[Stored items]
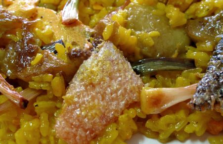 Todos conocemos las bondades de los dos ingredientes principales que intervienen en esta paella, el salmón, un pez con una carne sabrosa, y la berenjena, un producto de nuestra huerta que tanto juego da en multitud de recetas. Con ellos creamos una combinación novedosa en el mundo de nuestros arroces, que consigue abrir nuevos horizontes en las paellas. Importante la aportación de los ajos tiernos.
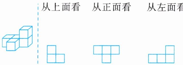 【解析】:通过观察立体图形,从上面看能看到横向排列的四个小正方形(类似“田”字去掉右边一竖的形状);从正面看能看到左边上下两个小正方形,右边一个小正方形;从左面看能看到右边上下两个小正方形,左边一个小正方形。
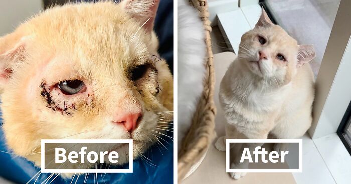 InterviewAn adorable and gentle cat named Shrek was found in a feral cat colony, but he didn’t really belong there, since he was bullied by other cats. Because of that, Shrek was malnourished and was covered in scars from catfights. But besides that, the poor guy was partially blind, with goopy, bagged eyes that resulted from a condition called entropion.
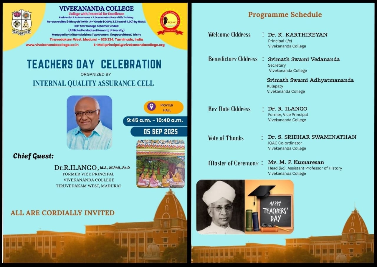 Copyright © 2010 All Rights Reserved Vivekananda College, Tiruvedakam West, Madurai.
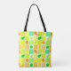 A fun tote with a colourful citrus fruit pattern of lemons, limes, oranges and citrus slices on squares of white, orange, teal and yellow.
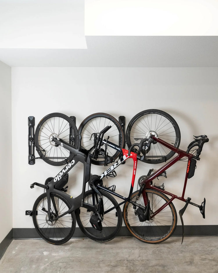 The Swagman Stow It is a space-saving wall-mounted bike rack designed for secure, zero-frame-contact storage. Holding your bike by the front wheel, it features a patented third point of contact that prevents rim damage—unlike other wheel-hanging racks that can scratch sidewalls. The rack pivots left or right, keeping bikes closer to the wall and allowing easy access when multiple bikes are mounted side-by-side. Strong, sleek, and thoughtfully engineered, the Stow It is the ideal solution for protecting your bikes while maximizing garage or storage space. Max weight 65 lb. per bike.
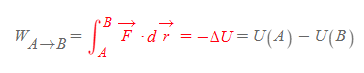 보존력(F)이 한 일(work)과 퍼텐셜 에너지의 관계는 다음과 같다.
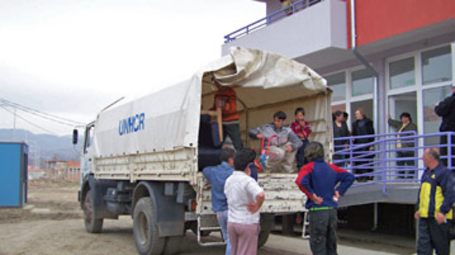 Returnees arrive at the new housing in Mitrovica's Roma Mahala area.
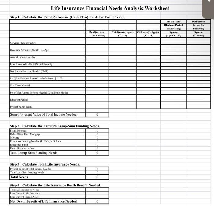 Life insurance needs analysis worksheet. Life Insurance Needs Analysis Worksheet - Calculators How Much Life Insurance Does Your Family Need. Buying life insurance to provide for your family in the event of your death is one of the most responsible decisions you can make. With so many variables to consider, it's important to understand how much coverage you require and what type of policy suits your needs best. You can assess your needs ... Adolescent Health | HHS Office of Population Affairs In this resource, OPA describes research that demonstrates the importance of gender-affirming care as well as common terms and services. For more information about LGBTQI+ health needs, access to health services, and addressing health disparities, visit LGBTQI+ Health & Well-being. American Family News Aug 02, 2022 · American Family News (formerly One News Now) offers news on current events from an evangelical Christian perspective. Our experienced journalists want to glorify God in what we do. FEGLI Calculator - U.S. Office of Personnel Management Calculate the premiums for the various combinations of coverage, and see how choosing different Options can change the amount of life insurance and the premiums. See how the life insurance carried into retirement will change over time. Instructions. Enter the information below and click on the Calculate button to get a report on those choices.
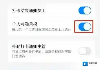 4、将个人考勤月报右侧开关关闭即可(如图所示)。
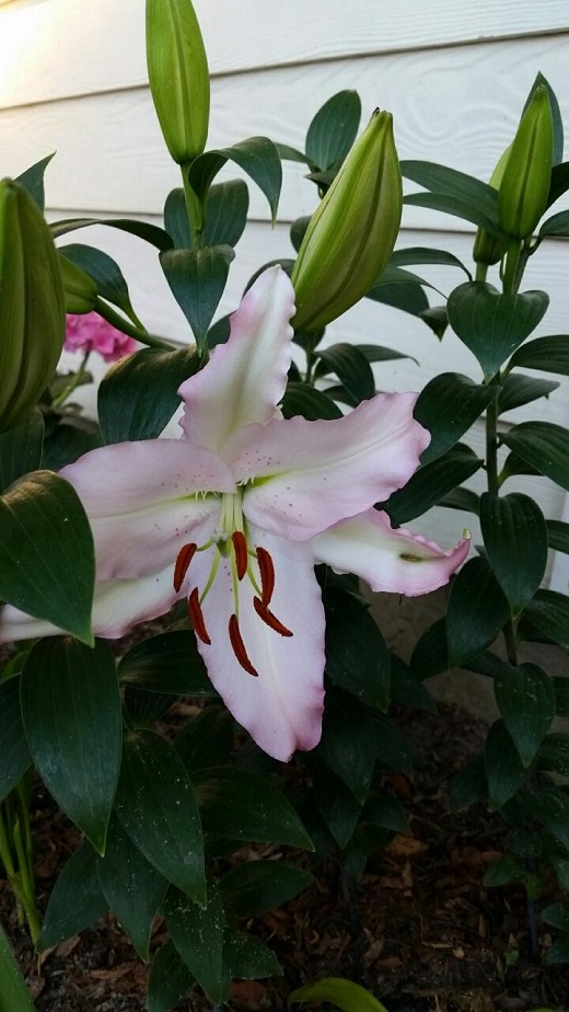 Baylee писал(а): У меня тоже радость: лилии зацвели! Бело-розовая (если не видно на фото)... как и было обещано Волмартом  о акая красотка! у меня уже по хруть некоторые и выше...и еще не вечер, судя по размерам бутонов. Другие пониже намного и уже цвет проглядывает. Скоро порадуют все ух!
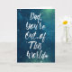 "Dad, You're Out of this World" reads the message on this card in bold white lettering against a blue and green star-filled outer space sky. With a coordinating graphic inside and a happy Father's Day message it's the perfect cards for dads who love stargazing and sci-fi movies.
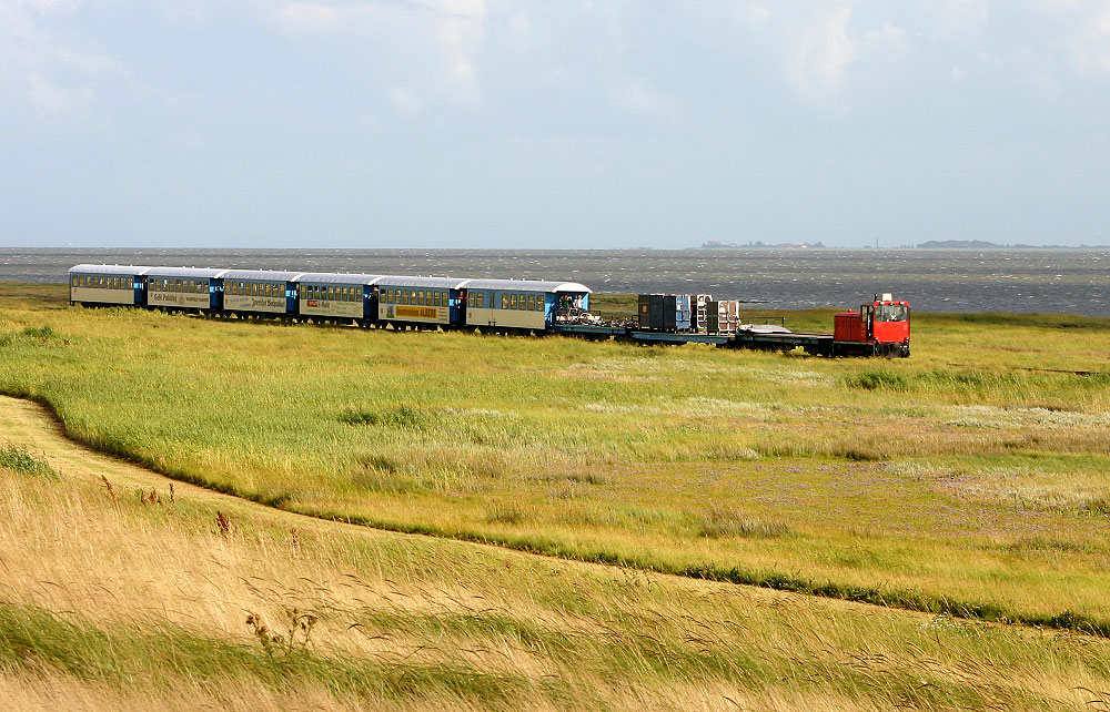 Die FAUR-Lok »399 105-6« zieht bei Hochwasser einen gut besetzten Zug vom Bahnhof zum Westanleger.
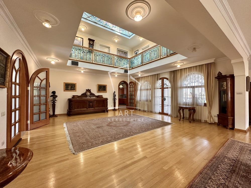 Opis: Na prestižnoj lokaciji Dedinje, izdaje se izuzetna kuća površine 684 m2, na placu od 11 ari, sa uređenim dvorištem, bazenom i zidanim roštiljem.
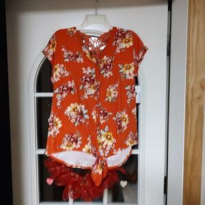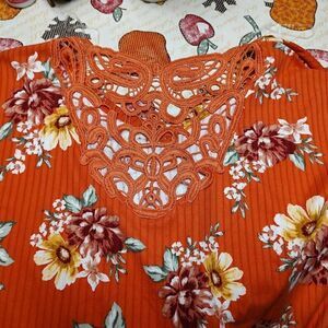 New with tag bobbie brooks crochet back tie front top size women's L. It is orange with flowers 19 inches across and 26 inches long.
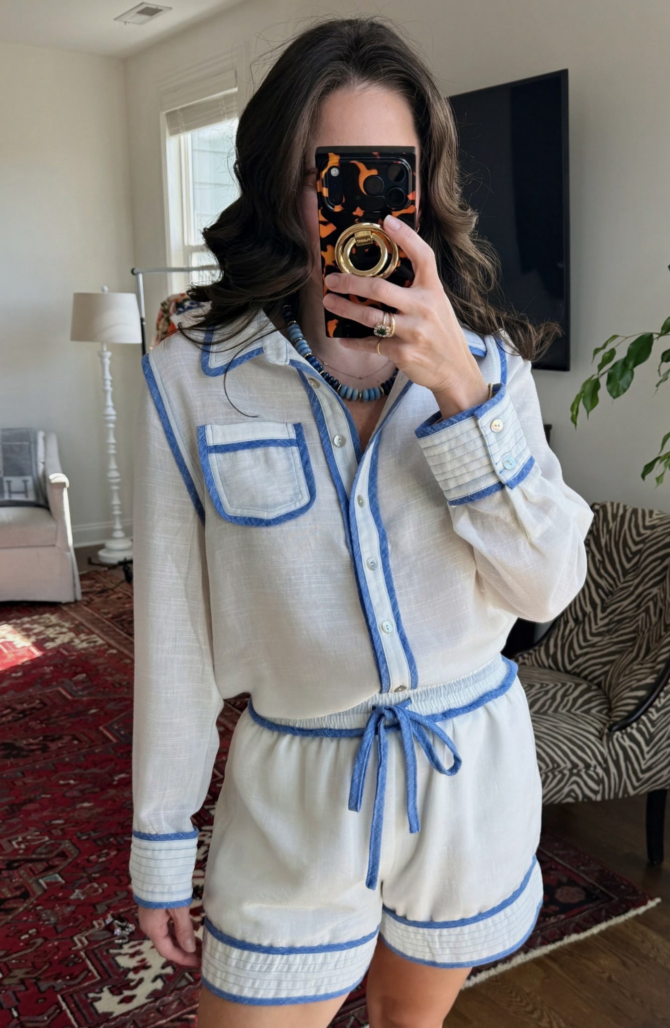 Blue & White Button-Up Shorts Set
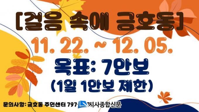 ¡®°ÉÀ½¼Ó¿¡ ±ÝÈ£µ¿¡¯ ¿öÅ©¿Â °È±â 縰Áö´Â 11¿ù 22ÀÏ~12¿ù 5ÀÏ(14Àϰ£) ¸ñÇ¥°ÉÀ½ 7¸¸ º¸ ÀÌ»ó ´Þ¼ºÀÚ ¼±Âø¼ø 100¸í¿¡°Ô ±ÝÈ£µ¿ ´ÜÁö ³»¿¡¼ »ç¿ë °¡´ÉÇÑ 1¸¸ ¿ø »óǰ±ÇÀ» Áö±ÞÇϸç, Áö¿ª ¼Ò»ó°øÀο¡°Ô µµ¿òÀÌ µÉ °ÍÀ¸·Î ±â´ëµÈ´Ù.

What you have to do:
Each line between the one holding "4、将个人考勤月报右侧开关关闭即可(如图所示)。" and the one holding "Baylee писал(а): У", inclusive, should be copied exactly as it appears above, and pictures should be omitted.

Task result:
 4、将个人考勤月报右侧开关关闭即可(如图所示)。
 Baylee писал(а): У меня тоже радость: лилии зацвели! Бело-розовая (если не видно на фото)... как и было обещано Волмартом  о акая красотка! у меня уже по хруть некоторые и выше...и еще не вечер, судя по размерам бутонов. Другие пониже намного и уже цвет проглядывает. Скоро порадуют все ух!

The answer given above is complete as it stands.